Jung Min Ha1,Jong Hyun Park2,Young Wook Noh2,Myoung Hoon Song2,Han Young Woo1
Korea University1,Ulsan National Institute of Science and Technology2
Jung Min Ha1,Jong Hyun Park2,Young Wook Noh2,Myoung Hoon Song2,Han Young Woo1
Korea University1,Ulsan National Institute of Science and Technology2
Defects in perovskite solar cells (PSCs) significantly hinder their efficiency and stability. To tackle this challenge, our study explores the potential of two distinct π-conjugated polyelectrolytes (CPEs), MPS2-TEA and PCPDTBT2-TMA, as additives in PSCs. Unlike previous approaches where CPEs primarily served as interlayers or charge transporters, our focus is on their direct impact within the perovskite layer for defect passivation. Through thorough analysis, we observe that MPS2-TEA exhibits superior defect passivation compared to PCPDTBT2-TMA. This difference is attributed to the highly conductive nature of MPS2-TEA, enabling efficient mitigation of defects within the perovskite layer.

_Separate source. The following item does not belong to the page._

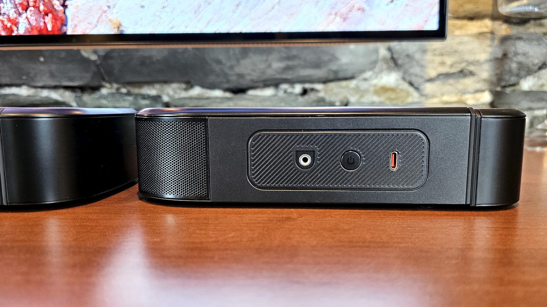 Верхние элементы управления саундбара крайне просты: громкость и выбор входа. Если вы используете колонку исключительно для ТВ-аудио, этого достаточно. Если же вы используете ее для музыки, это может показаться ограничивающим, особенно из-за отсутствия отключения звука, воспроизведения/паузы и пропуска треков.

In contrast, PCPDTBT2-TMA's self-doping effect, along with its negative sulfonate groups stabilizing polarons, reduces its effectiveness in defect passivation. The integration of MPS2-TEA into PSCs results in remarkable outcomes. The inverted perovskite solar cell with MPS2-TEA achieved notable power conversion efficiencies (PCEs) of 22.7% retaining over 87.3% of their initial PCE after 960 hours of continuous 1-sun illumination and maintaining 89% of PCE after 850 hours at 85°C in a nitrogen glovebox without encapsulation.